Here is another study by the same group who did the 1991 Pediatrics study.
Am J Dis Child 1989 Jan;143(1):86-90
Reported sexual behaviors and self-esteem among young adolescents.
Orr DP, Wilbrandt ML, Brack CJ, Rauch SP, Ingersoll GM.
Department of Pediatrics, Indiana University School of Medicine, Indianapolis.
Six hundred seventy-seven adolescents in grades 7 through 9 of a blue-collar, midwestern junior high school responded to a survey of sexual behavior and self-esteem. The focus of this study was on the relationship between sexual experience and self-esteem. Fifty-five percent of the students reported having had at least one coital experience; 7% reported having intercourse about once a week.
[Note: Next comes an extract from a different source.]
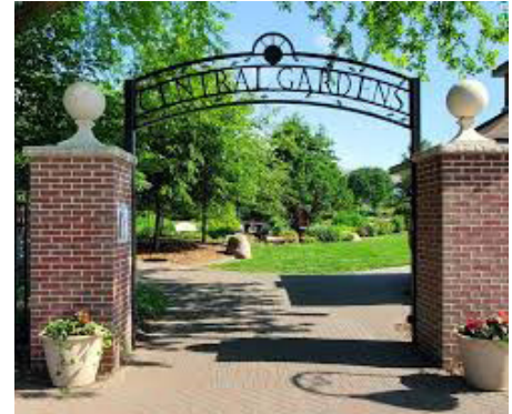
Gate to Central Gardens of North Iowa.

just a few blocks from downtown. It is three acres of themed flower beds, ponds, a stream bed, and art. They sat and talked in the shade before heading to the Half Moon restaurant at 5:30. The place filled up with people who came in later and were getting served before our group. (That often happens when you're in a large group.) But the FFCI group had lively conversations, so they relaxed and ate bread before the delicious meals arrived. Everyone was were back in Ames by 9:00.
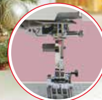
Enhanced Superior Needle Threader 2

The proportion of sexually experienced adolescents increased with age; 28% of 12-year-olds, 52.7% of 13-year-olds, 60.1% of 14-year-olds, 73.6% of 15-year-olds, and 90% of 16-year-olds reported having intercourse on at least one occasion. More boys of all ages were sexually active than girls. Six percent of students had had, or were suspicious of having had, a sexually transmitted disease; 7.8% were involved in a pregnancy. The average of the self-esteem scores for girls was significantly lower than the average for boys. There was an interaction effect between gender and coital history for self-esteem. Girls who reported having had intercourse had lower self-esteem scores than those who did not. On the other hand, self-esteem of sexually experienced and inexperienced boys did not differ, nor did self-esteem of virginal boys and girls. Boys and girls with a history of sexually transmitted diseases had lower self-esteem than all others. Pregnancy, on the other hand, did not seem to affect self-esteem of the sexually experienced adolescents. This cross-sectional study does not permit determination of whether the lower average self-esteem among certain girls was antecedent to or a consequence of sexual experience.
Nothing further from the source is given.